Martin Campbell (born 24 October 1943) is a New Zealand film and television director based in the United Kingdom. He is known for having directed The Mask of Zorro as well as the James Bond films GoldenEye and Casino Royale. He won a BAFTA for his direction of the 1985 television serial Edge of Darkness.

Life and career
Born in Hastings, New Zealand, Campbell moved to London, where he began his career as a director of softcore sex comedies and action television series in the 1970s.
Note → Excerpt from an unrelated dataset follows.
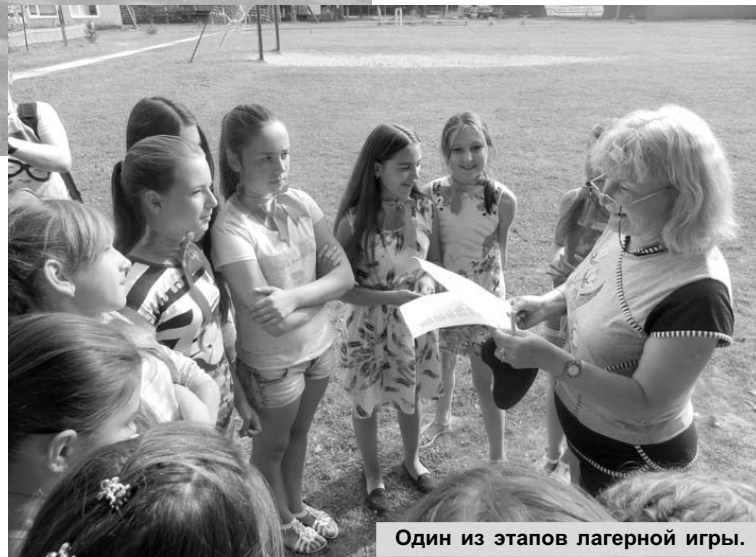
Один из этапов лагерной игры.

Каждый отряд получил задание и отправился в путешествие по станциям. Задания были интересными и разнообразными. Необходимо было правильно прочитать скороговорки, ведь настоящим журналистом должен обладать грамотной и четкой речью, ребята рисовали плакаты и рисунки на заданную тему, вспомнили продолжения известных пословиц.

He went on to direct two James Bond films, 1995's GoldenEye, starring Pierce Brosnan, and 2006's Casino Royale, starring Daniel Craig. At 62 years old, Campbell was the oldest director in the series' history, beating the previous record set by Lewis Gilbert. Campbell stated that he was offered the opportunity to direct further James Bond films after GoldenEye; however, he found the plots to be limiting and only considered directing further films if working with a new Bond actor - as he subsequently did with Daniel Craig on Casino Royale.

He directed two Zorro films: The Mask of Zorro (1998) and The Legend of Zorro (2005), both starring Antonio Banderas and Catherine Zeta-Jones. Campbell also directed the 2011 film adaptation of the DC Comics superhero Green Lantern, as well as The Foreigner (2017), starring Jackie Chan. 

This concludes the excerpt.